ЮК. К числу "родимых пятен" в нем, думаю, можно отнести его некоторый снобизм, особенно заметный в эссе. Тогда это был очень распространенный снобизм, вполне объяснимый. Надо было как-то противостоять рутине. Нужных знаний еще тогда не было, откуда их было взять? Вот каждый и снобировал, как умел.
Кстати, сам Бродский неоднократно говорил в своих интервью, что Ахматова очень этот снобизм в нем и в других его единомышленниках-поэтах поддерживала, и в этом для нее даже был определенный элемент игры. Она так вспоминала, очевидно, и свой "Серебряный век".
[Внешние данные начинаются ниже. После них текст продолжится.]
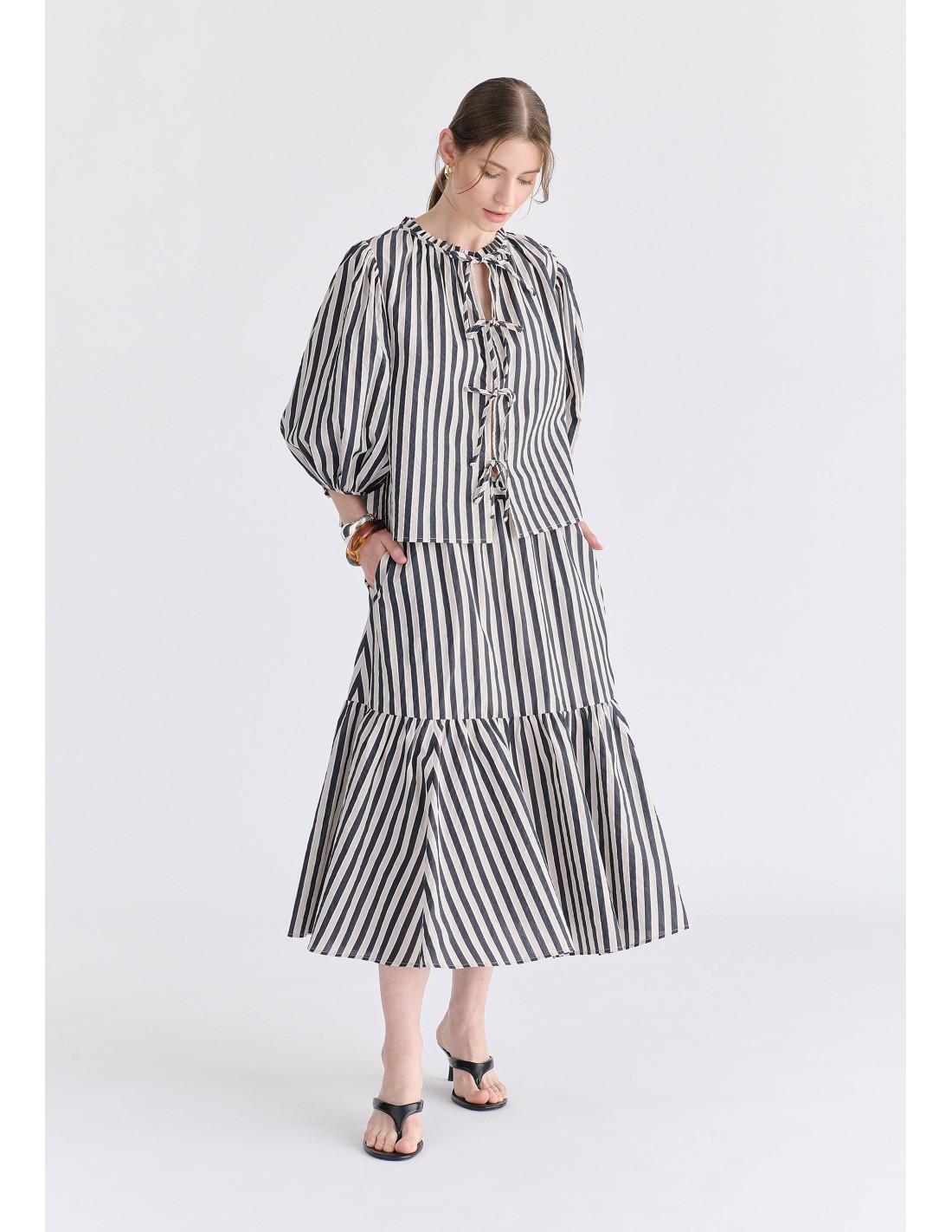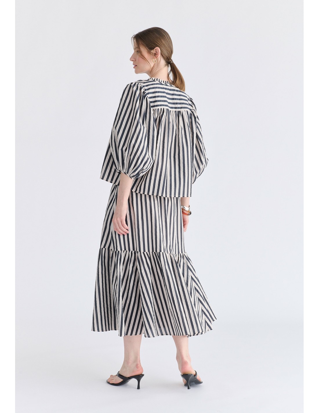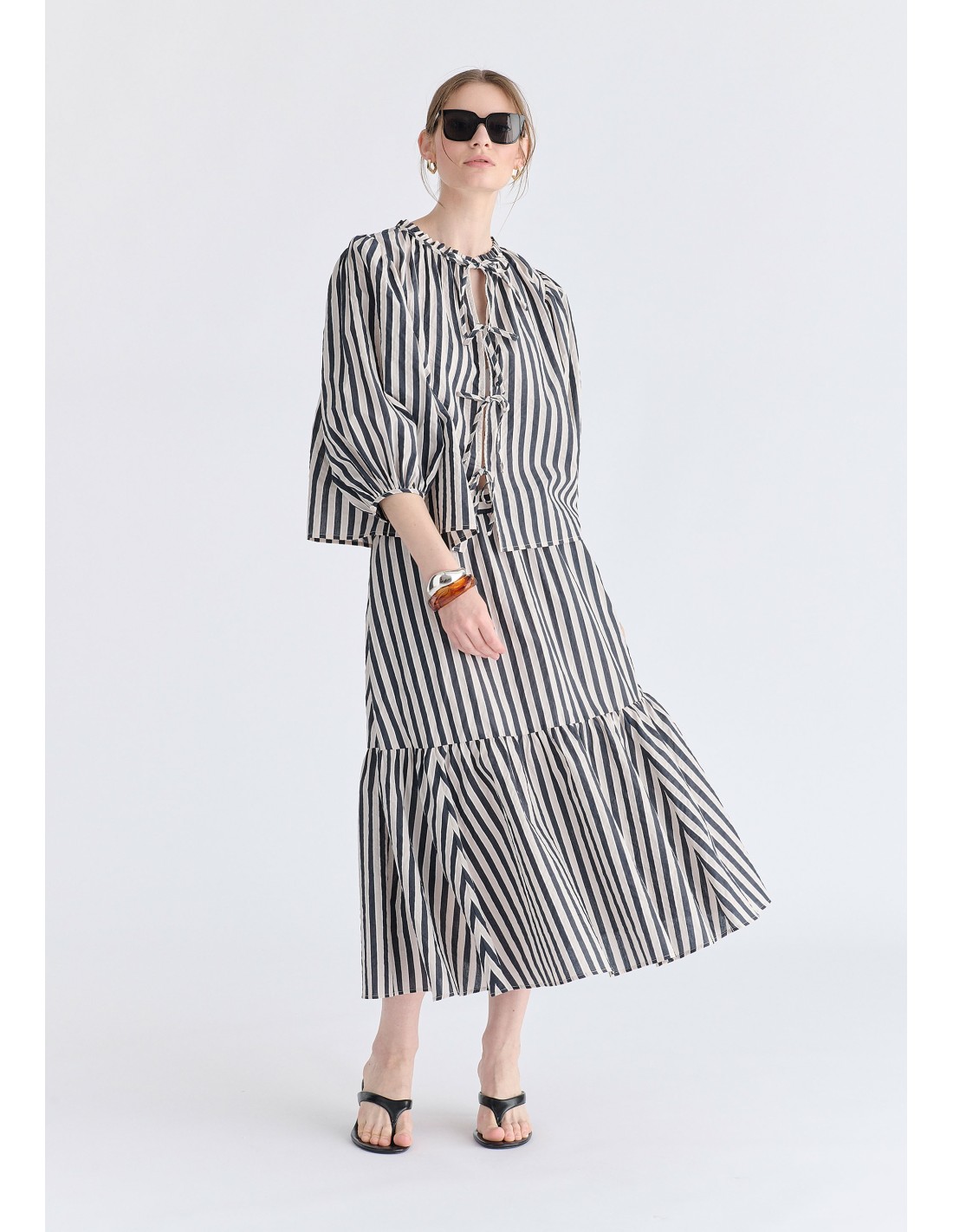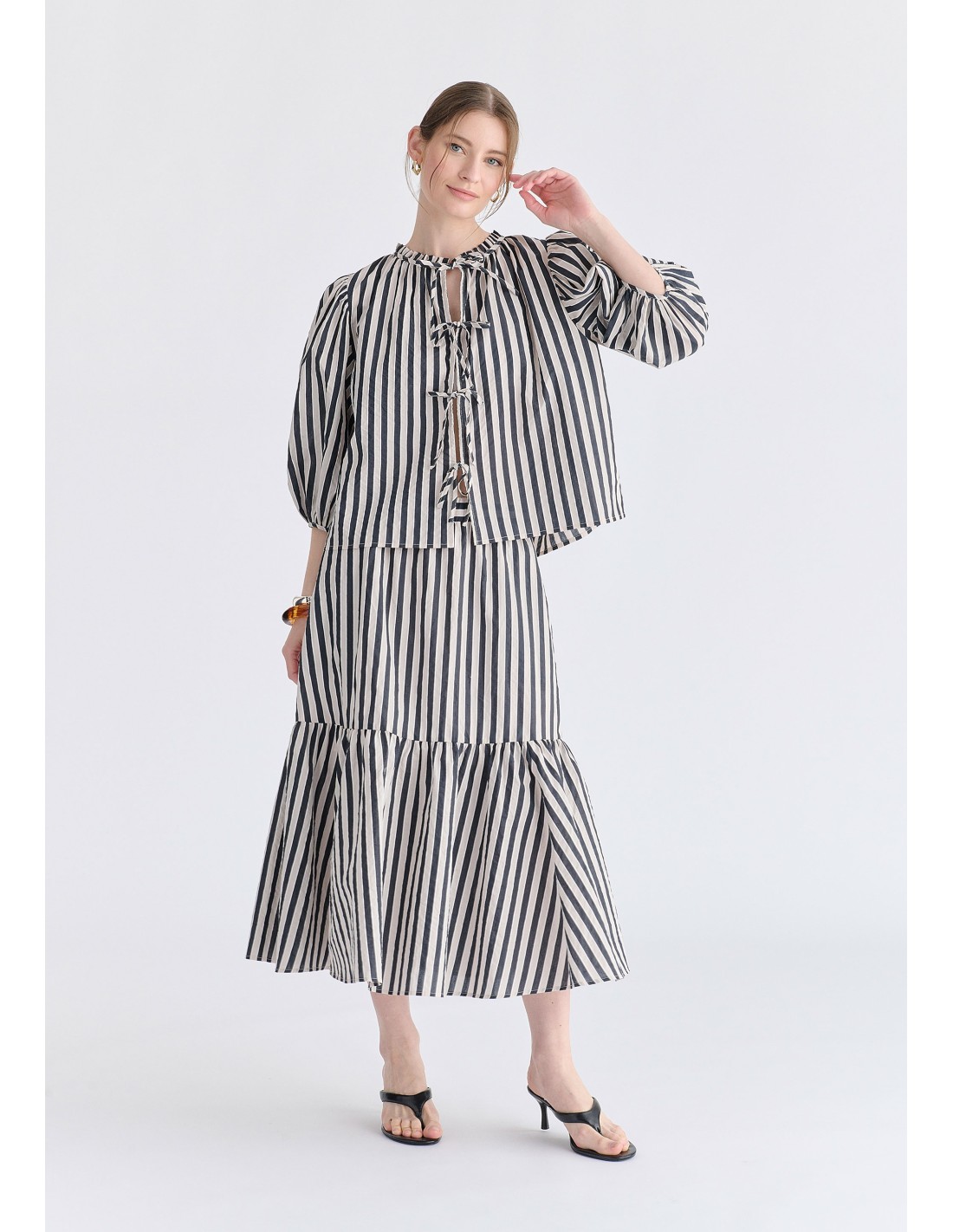 Blusa estampado de rayas con mangas abullonadas y cierre delantero con lazos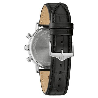 Cette montre Bulova a un boîtier Inox 39 mm en diamètre et est équipée d'un bracelet cuir. Le boîtier contient un mouvement Miyota et la montre est dotée d'un cristal Saphire..

Бродский родился в еврейско-советской семье, и, как он мне не так давно написал в Париж, – когда пробегал мимо храма Спаса Преображенского Полка, от которого жил неподалеку, то если чувствовал запах ладана – его тянуло на рвоту. Ведь не случайно мое стихотворение Бродскому, написанное как раз после этого письма, начинается так:
Систола – сжатие полунапрасное
гонит из красного красное в красное.
...Словно шинель, на шелку,
льнет, простужая, имперское – к женскому
около Спаса, что к Преображенскому
так и приписан полку.
Во мне Православная церковь никогда отрицательных эмоций не вызывала. И отношение к «клерикалам» всегда было самое теплое и заинтересованное. В том смысле, что я уже человек совершенно другого времени, другой формации, чем Иосиф. Я помню, что еще в 1970 году я был в гостях у Надежды Яковлевны Мандельштам и назвал Бродского своим любимейшим поэтом – из современных. Надежда Яковлевна настроена была зло и игриво разом: «Ну, что Бродский? Ося – это америкашка в нашей поэзии». А ведь Бродский тогда ни сном, ни духом еще... Кто мог предположить, что он окажется в США?! Почему она сказала такую фразу? Но так резко она определила его западничество! Бродский, по-моему, всегда считал, что есть эта дыра, где он родился и вырос (не лишенная, конечно, своих прелестей – Крыма, скажем), и есть нечто другое – противоположное, светлое, цивилизованное, которое в конце концов для него воплощалось в другой сверхдержаве. Маленькие европейские страны это не для него. В одной из своих поэм он пересказал афоризм, который якобы придумал Евгений Рейн: что настоящий шах может изменить своему гарему только с другим гаремом. Вот он и изменил, так сказать, Советскому Союзу с «другим гаремом» – со Штатами, а Европа в этом отношении так, мелкота...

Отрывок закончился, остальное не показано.